Im Mittelpunkt der Bekämpfung der Arbeitslosigkeit und Belebung der Wirtschaft müssen Verteilungsfragen stehen, die die wichtigsten Strukturprobleme der österreichischen Wirtschaft bestimmen. Die enorme Konzentration der Vermögen und der Vermögenseinkommen sowie die zunehmenden Einkommensunterschieden zwischen Jobs in gut abgesicherten Normalarbeitsverhältnissen und der stark wachsenden Zahl prekärer Jobs bilden die zentralen Herausforderungen. Der Sozialstaat wirkt beiden Tendenzen entgegen, kann dies aufgrund wachsender Finanzierungsprobleme aber immer weniger tun.
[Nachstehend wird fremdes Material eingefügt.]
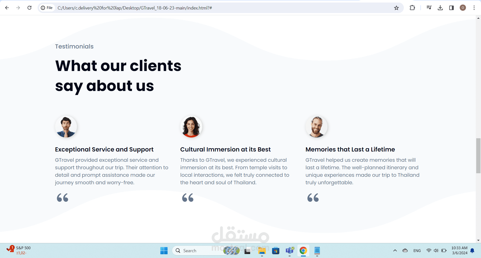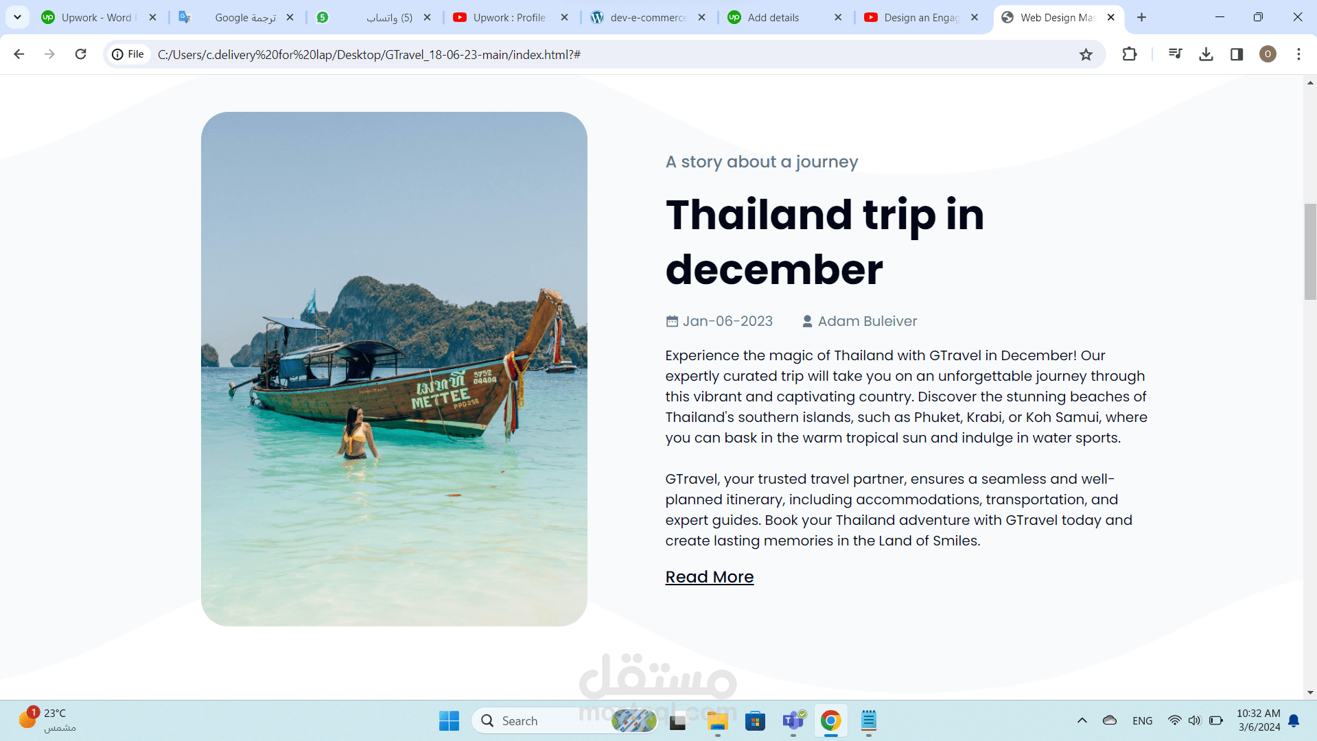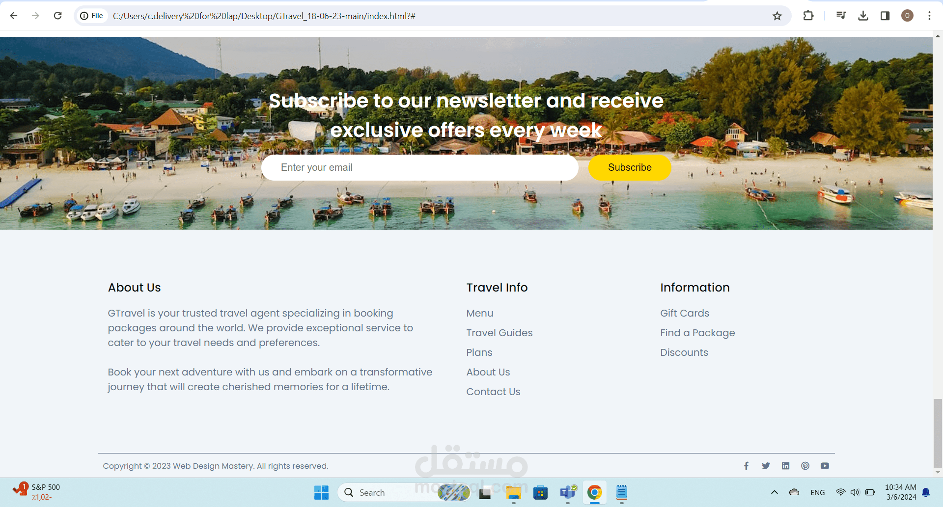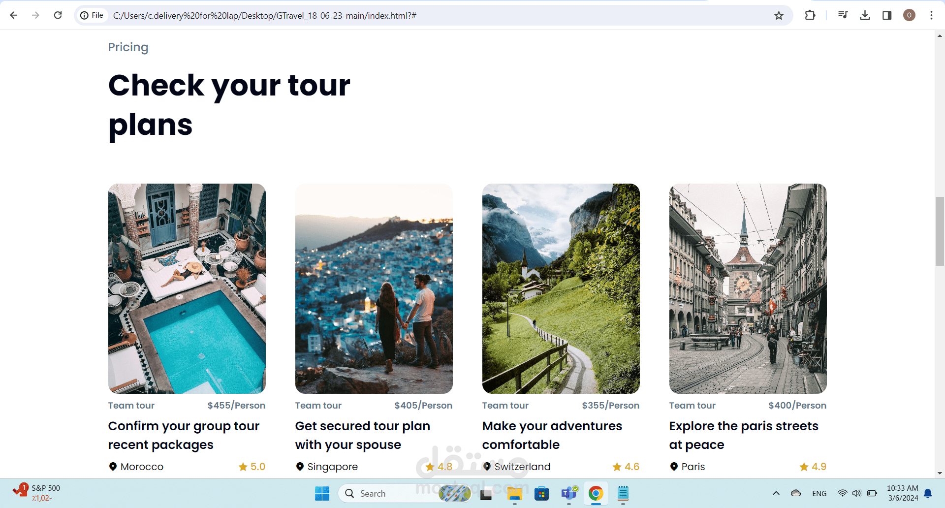 The main web page of the G Travel project consists of various elements that display information in an attractive and user-friendly manner. The page is designed using HTML and CSS to achieve attractive visual layout and comfortable user experience.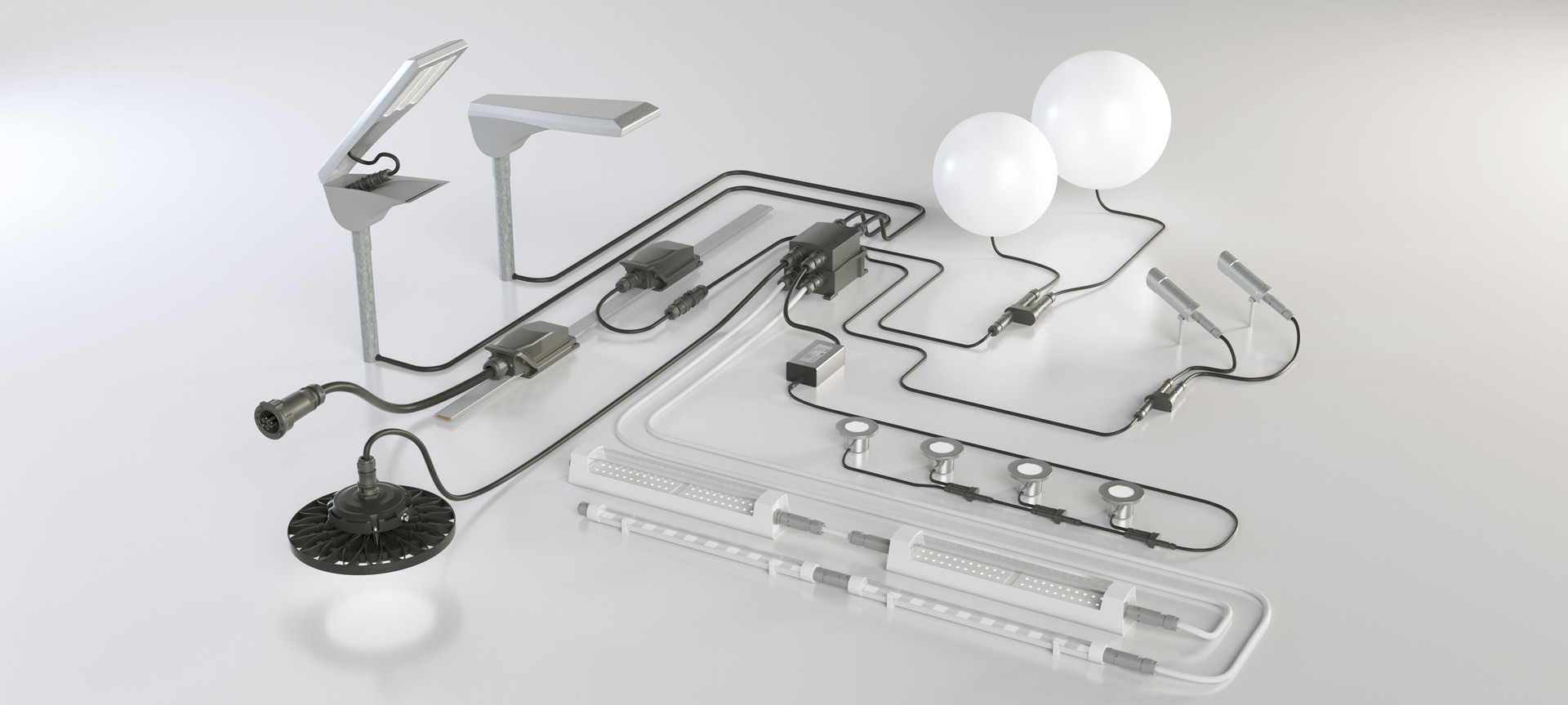 Efficienti installazioni per l’illuminazione decorativa all’esterno: semplice regolazione dell’impianto in base alle condizioni specifiche locali; ampio portfolio di connettori con protezione IP (Rete, DALI, bassa tensione).

Den Wohlstand richtig messen

Die Nichtberücksichtigung der Verteilung der Einkommen schränkt die Brauchbarkeit des BIP pro Kopf für eine Messung des Wohlstandes drastisch ein. Für einen internationalen Vergleich sind deshalb zusätzlich Indikatoren und insbesondere Verteilungsmaße wie der Gini-Koeffizient heranzuziehen. Für Österreich fällt auch hier – wegen des guten Sozialstaates, vor allem des umfassenden Pensionssystems – die Bewertung gut aus, die Ungleichheit nimmt allerdings über die Jahre zu.

Auch aus anderen Gründen muss das BIP als Wohlstandsmaß in den Hintergrund treten: Es ist zu sehr auf die Messung von Produktion zu den auf Märkten erzielten Preisen ausgerichtet und berücksichtigt den Verbrauch von Konsumgütern und privaten und öffentlichen Dienstleistungen zu wenig; es negiert die zunehmend wichtigen Bestandsgrößen wie Vermögen, Ressourcen, Wissen; es berücksichtigt nicht wie viel Arbeitszeit für die Produktion von Gütern aufgewendet werden muss; es erfasst Qualitätsänderungen sowie soziale Dienstleistungen zu wenig und berücksichtigt den mit der Produktion verbundenen Material- und Ressourcenverbrauch nicht.

Auch bei Einbeziehung dieser entscheidenden Indikatoren steht Österreich im europäischen Vergleich recht gut da. Die dringend notwendigen genauen Analysen und Bewertungen befinden sich allerdings erst im Anfangsstadium, vor allem jene von Statistik Austria sind aber vielversprechend.